With the pictures left out, restate every entry word for word.
DATA SECTION section start
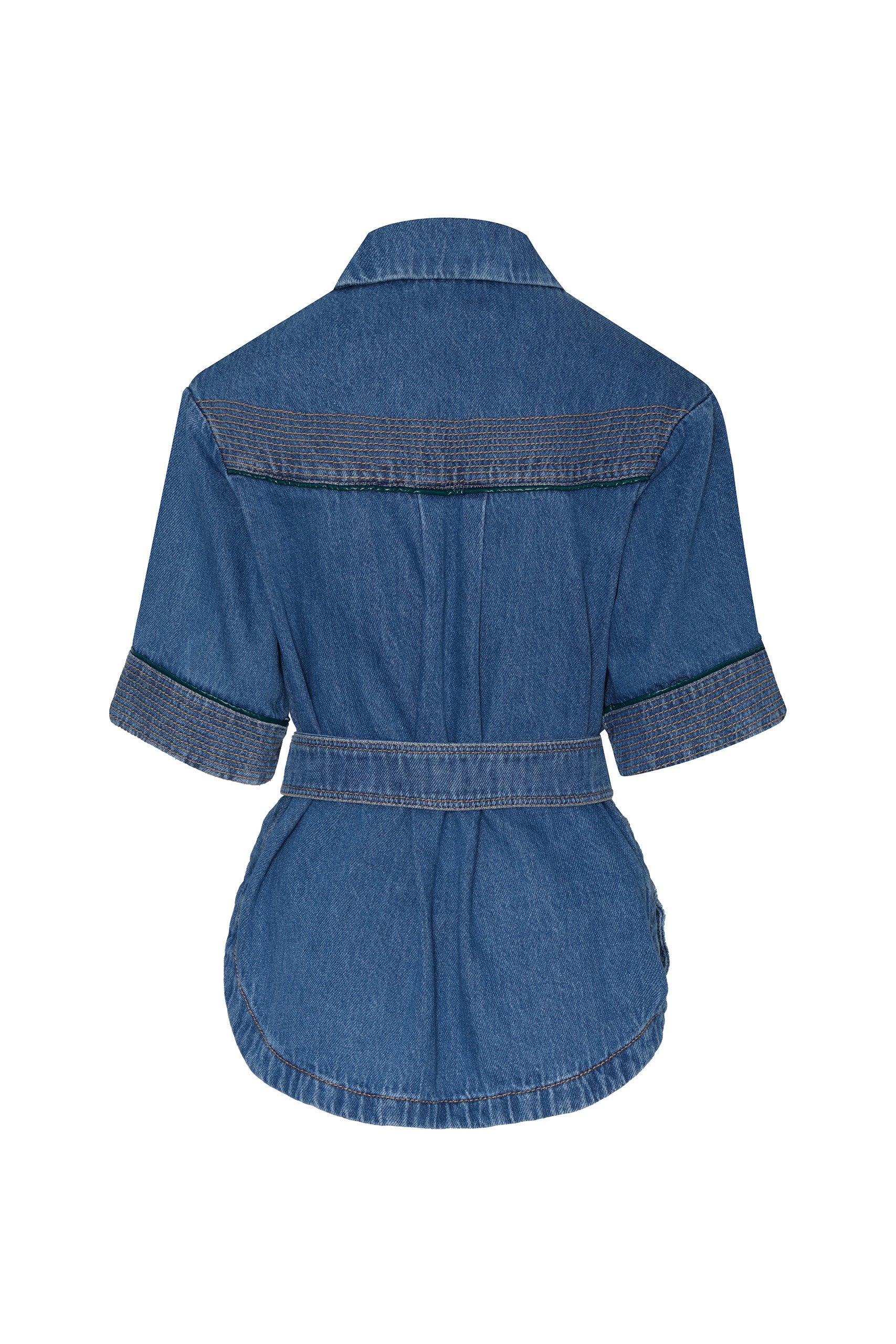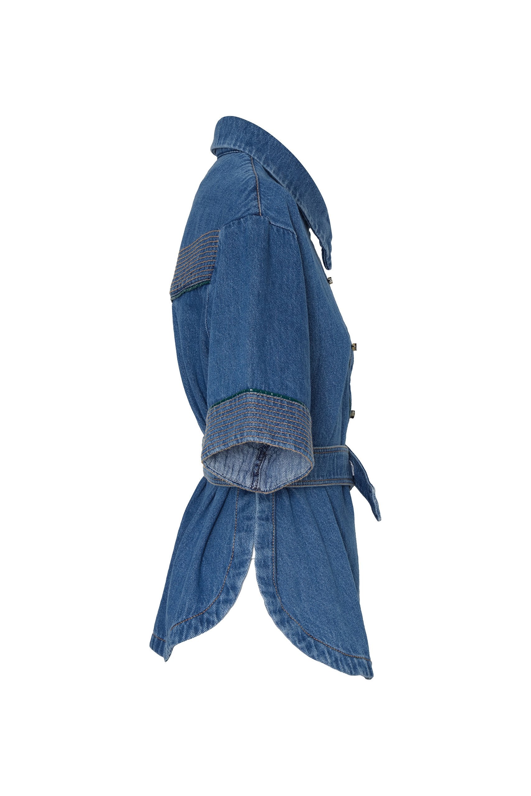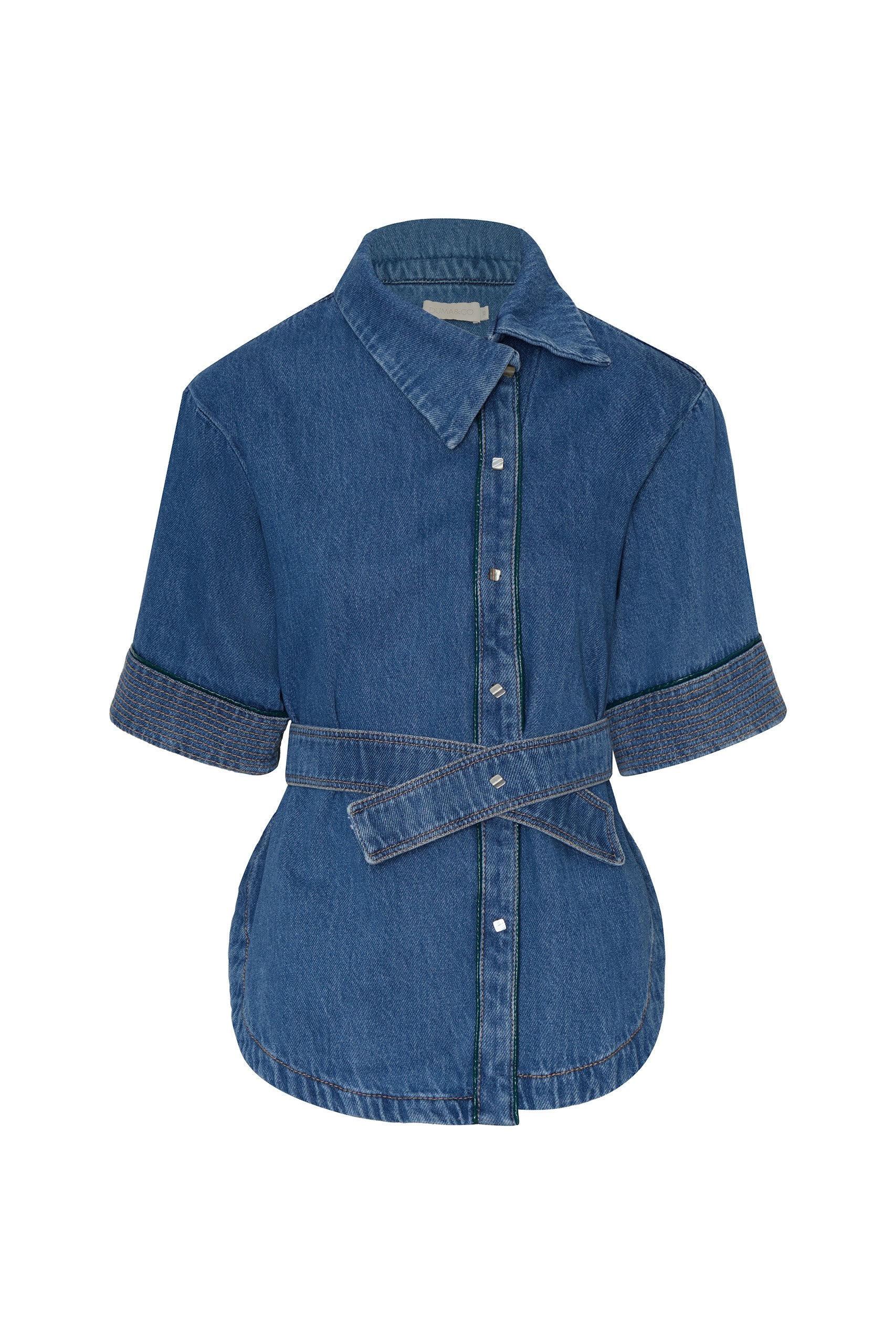 Camisa confeccionada en denim, con un diseño moderno y estructurado. Presenta solapa de cuello y cartera de botonadura asimétricas. Destaca por su vivo en vinilo a contraste de color, ubicado estratégicamente en la cartera, los puños de las mangas y la almilla posterior, elevando visualmente la prenda. Lleva pespuntes a contraste que sobresalen y remarcan las líneas del diseño, junto con botones en contraste de color que refuerzan su carácter. Se complementa con un cinturón a juego, ideal para ajustar la silueta y añadir versatilidad al look.
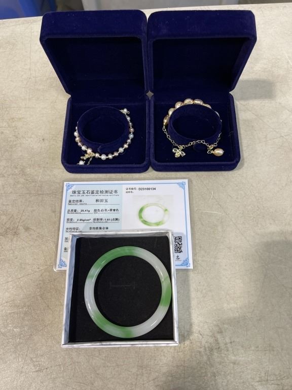 2 NEW PEARL BRACELETS AND AUTHENIC JADE BRACELET
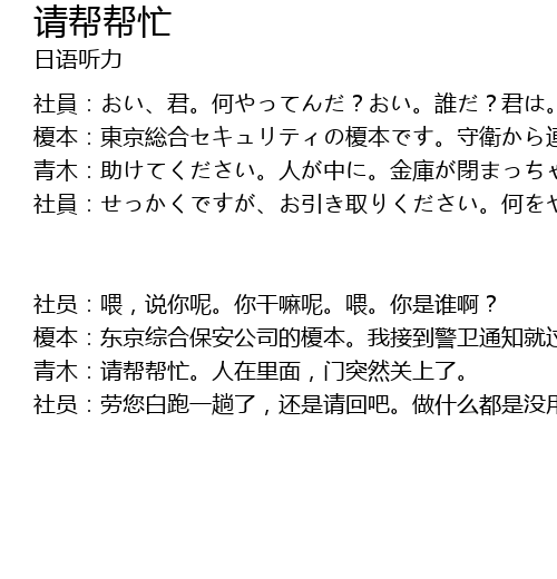 | shè yuán: wèi, shuō nǐ ne. nǐ gàn ma ne. wèi. nǐ shì shuí a? jiǎ běn: dōng jīng zōng hé bǎo ān gōng sī de jiǎ běn. wǒ jiē dào jǐng wèi tōng zhī jiù guò lái le. qīng mù: qǐng bāng bāng máng. rén zài lǐ miàn, mén tū rán guān shàng le. shè yuán: láo nín bái pǎo yī tàng le, hái shì qǐng huí ba. zuò shí mǒ dōu shì méi yòng de. |
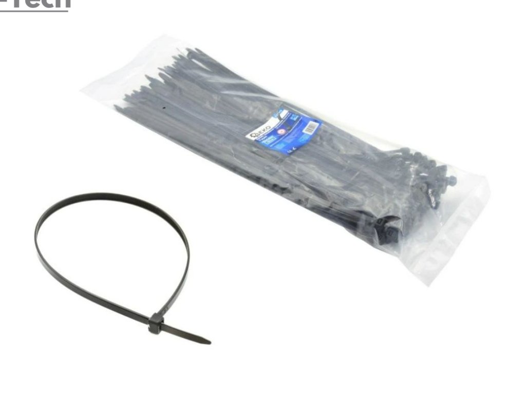 Plastové sťahovacie pásky z polyamidu sú dlhé 430mm a široké 7,6mm v čiernej farbe.
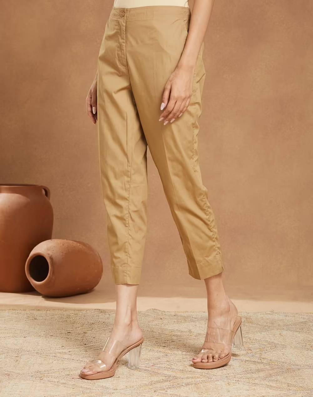 Brown Cotton Casual Pant
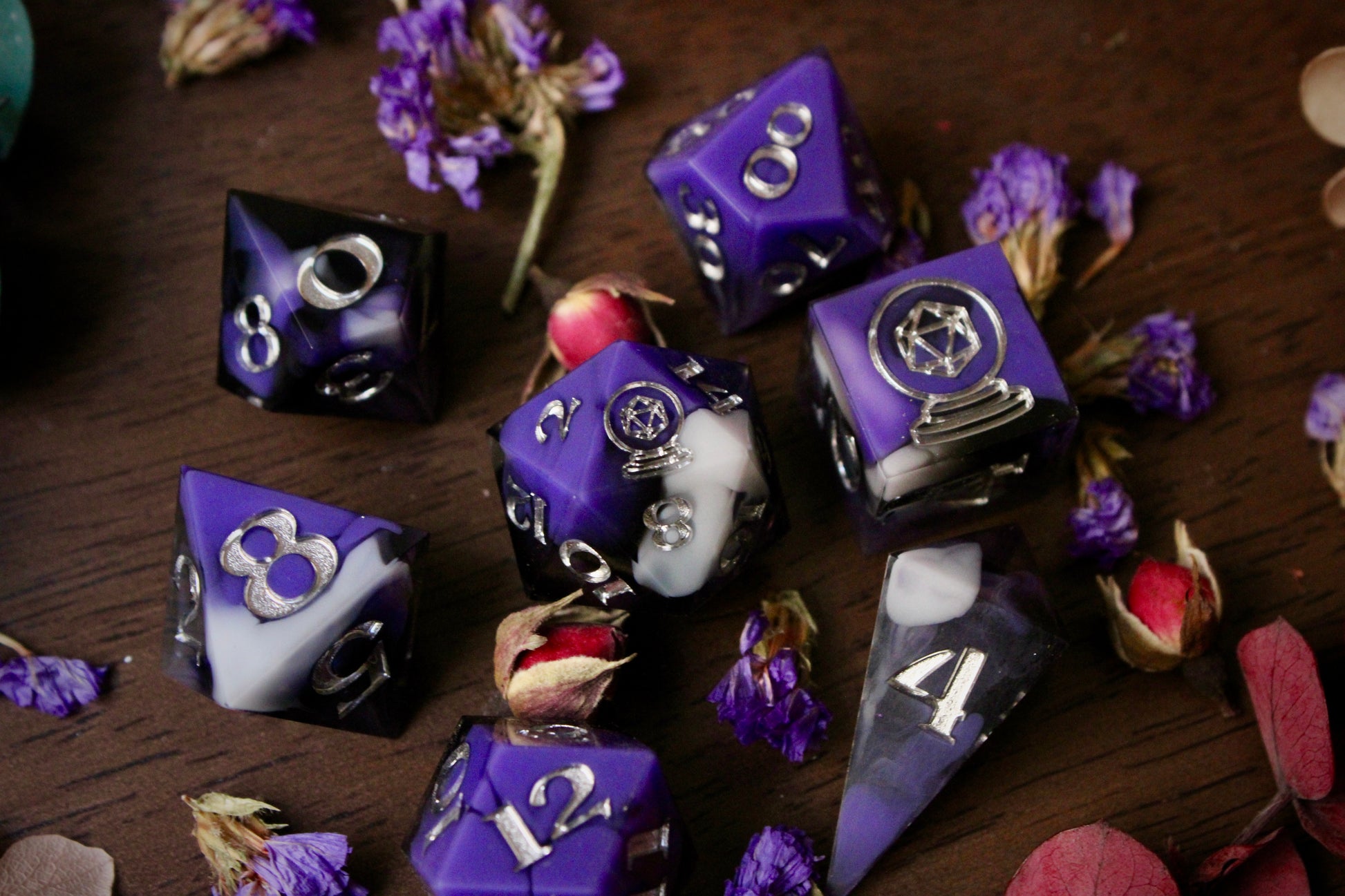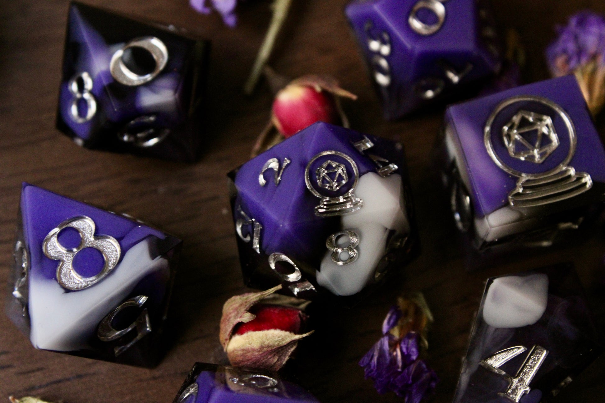 Materials may vary per set. Resin dice are made with Envirotex Lite epoxy resin. Dice may include various resin dyes, alcohol inks, resin pigment pastes, foil flakes, foil sheets, mica powders, glitter inks, and more.
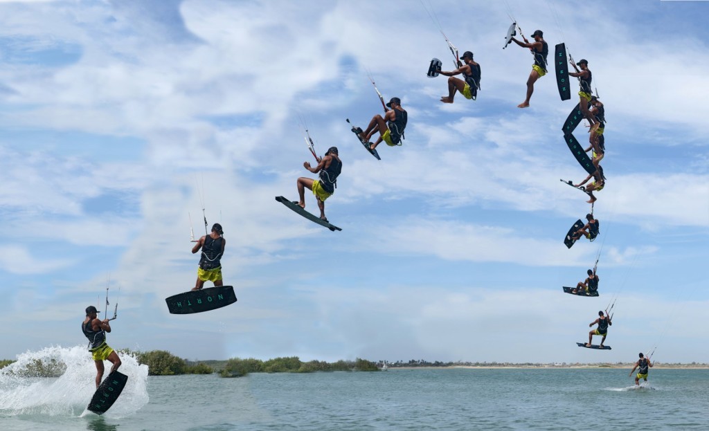 Unless you’re a gymnast, contortionist or part time Ninja, a bit of time, float and height will dramatically increase your chances, so you’ll want a decent edge, some speed and enough oomph in the kite. If the conditions allow, a larger kite will make life easier, as it won’t rip you off the water, so you’ll be able to get your knees and board up sooner. You’ll also get more hangtime and the kite won’t be tempted to stray as easily as if you’re one handed on a 7m. It’s also less intimidating if you’re not hammering downwind whilst airborne, so do feather the bar out on take-off to make sure that the kite flies up to 12 o’clock and not across the window. You can see that Heliarde has the edge of a champion, he’s sent the kite up and is feathering the bar out on the sweet spot so that he can hold his edge and get maximum height for minimum drift. And don’t forget to either wiggle your feet back on the pads a little or loosen the straps a touch, so that it’s less of a struggle to get the board off your feet and back on again.
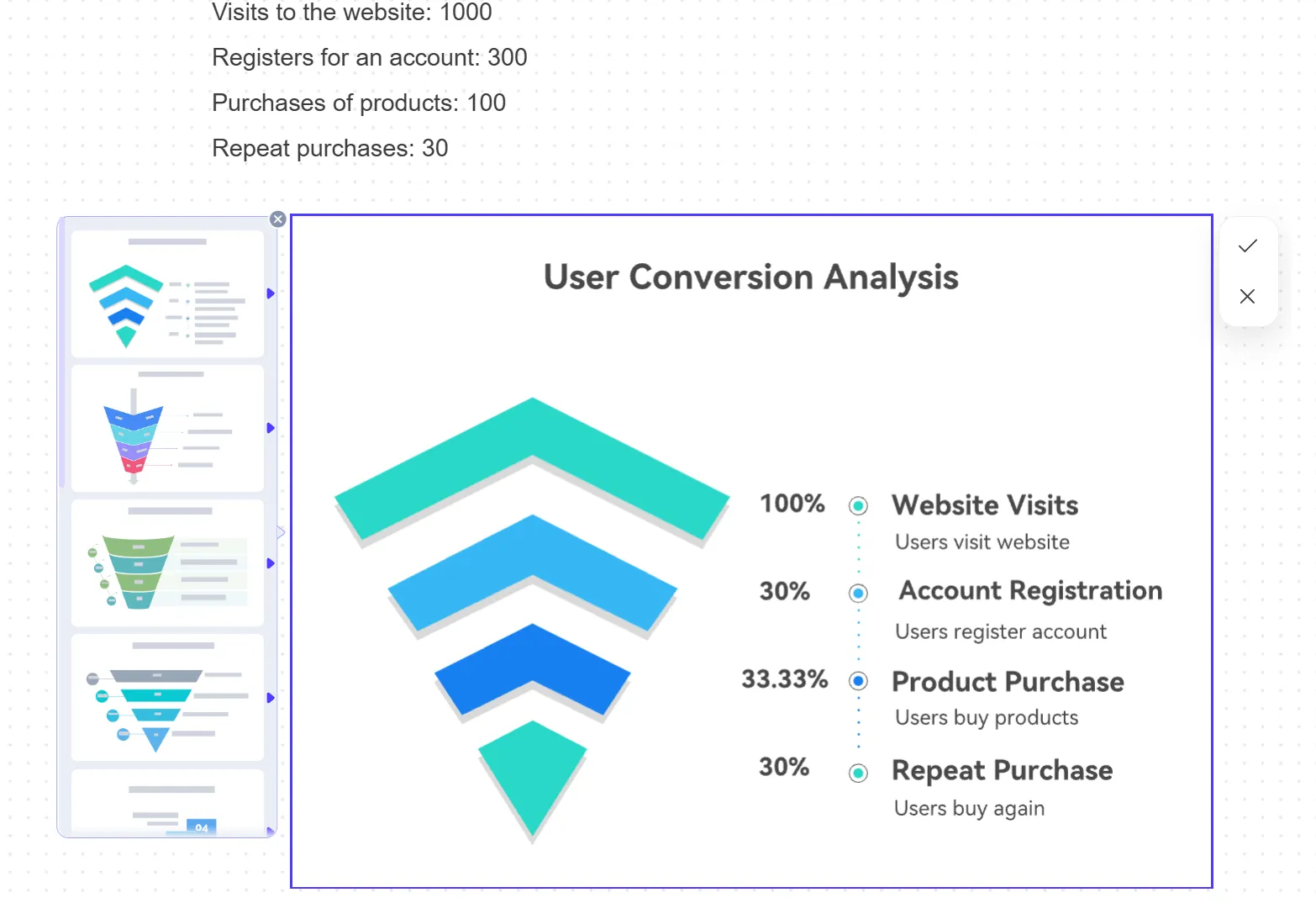 Boardmix 是一款功能強(qiáng)大的在線協(xié)作白板工具,同時(shí)憑借 AI 技術(shù)在生成漏斗圖方面表現(xiàn)出色,深受團(tuán)隊(duì)用戶喜愛。其獨(dú)特的 AI 助手讓創(chuàng)建漏斗圖變得快速且簡單。用戶只需在輸入框中用清晰簡潔的語言描述漏斗圖的內(nèi)容,例如“展示教育培訓(xùn)機(jī)構(gòu)從潛在學(xué)生咨詢到報(bào)名付款的轉(zhuǎn)化漏斗”,Boardmix 的 AI 即可快速理解用戶意圖,并基于先進(jìn)的算法和豐富的行業(yè)知識庫生成相應(yīng)的漏斗圖框架。該框架不僅準(zhǔn)確反映用戶描述的業(yè)務(wù)流程,還為每個(gè)環(huán)節(jié)提供了合理的分層劃分與布局,為用戶后續(xù)的精細(xì)化編輯工作奠定了良好基礎(chǔ)。
DATA SECTION section end
## RESULT OF THE EXERCISE
 Camisa confeccionada en denim, con un diseño moderno y estructurado. Presenta solapa de cuello y cartera de botonadura asimétricas. Destaca por su vivo en vinilo a contraste de color, ubicado estratégicamente en la cartera, los puños de las mangas y la almilla posterior, elevando visualmente la prenda. Lleva pespuntes a contraste que sobresalen y remarcan las líneas del diseño, junto con botones en contraste de color que refuerzan su carácter. Se complementa con un cinturón a juego, ideal para ajustar la silueta y añadir versatilidad al look.
 2 NEW PEARL BRACELETS AND AUTHENIC JADE BRACELET
 | shè yuán: wèi, shuō nǐ ne. nǐ gàn ma ne. wèi. nǐ shì shuí a? jiǎ běn: dōng jīng zōng hé bǎo ān gōng sī de jiǎ běn. wǒ jiē dào jǐng wèi tōng zhī jiù guò lái le. qīng mù: qǐng bāng bāng máng. rén zài lǐ miàn, mén tū rán guān shàng le. shè yuán: láo nín bái pǎo yī tàng le, hái shì qǐng huí ba. zuò shí mǒ dōu shì méi yòng de. |
 Plastové sťahovacie pásky z polyamidu sú dlhé 430mm a široké 7,6mm v čiernej farbe.
 Brown Cotton Casual Pant
 Materials may vary per set. Resin dice are made with Envirotex Lite epoxy resin. Dice may include various resin dyes, alcohol inks, resin pigment pastes, foil flakes, foil sheets, mica powders, glitter inks, and more.
 Unless you’re a gymnast, contortionist or part time Ninja, a bit of time, float and height will dramatically increase your chances, so you’ll want a decent edge, some speed and enough oomph in the kite. If the conditions allow, a larger kite will make life easier, as it won’t rip you off the water, so you’ll be able to get your knees and board up sooner. You’ll also get more hangtime and the kite won’t be tempted to stray as easily as if you’re one handed on a 7m. It’s also less intimidating if you’re not hammering downwind whilst airborne, so do feather the bar out on take-off to make sure that the kite flies up to 12 o’clock and not across the window. You can see that Heliarde has the edge of a champion, he’s sent the kite up and is feathering the bar out on the sweet spot so that he can hold his edge and get maximum height for minimum drift. And don’t forget to either wiggle your feet back on the pads a little or loosen the straps a touch, so that it’s less of a struggle to get the board off your feet and back on again.
 Boardmix 是一款功能強(qiáng)大的在線協(xié)作白板工具,同時(shí)憑借 AI 技術(shù)在生成漏斗圖方面表現(xiàn)出色,深受團(tuán)隊(duì)用戶喜愛。其獨(dú)特的 AI 助手讓創(chuàng)建漏斗圖變得快速且簡單。用戶只需在輸入框中用清晰簡潔的語言描述漏斗圖的內(nèi)容,例如“展示教育培訓(xùn)機(jī)構(gòu)從潛在學(xué)生咨詢到報(bào)名付款的轉(zhuǎn)化漏斗”,Boardmix 的 AI 即可快速理解用戶意圖,并基于先進(jìn)的算法和豐富的行業(yè)知識庫生成相應(yīng)的漏斗圖框架。該框架不僅準(zhǔn)確反映用戶描述的業(yè)務(wù)流程,還為每個(gè)環(huán)節(jié)提供了合理的分層劃分與布局,為用戶后續(xù)的精細(xì)化編輯工作奠定了良好基礎(chǔ)。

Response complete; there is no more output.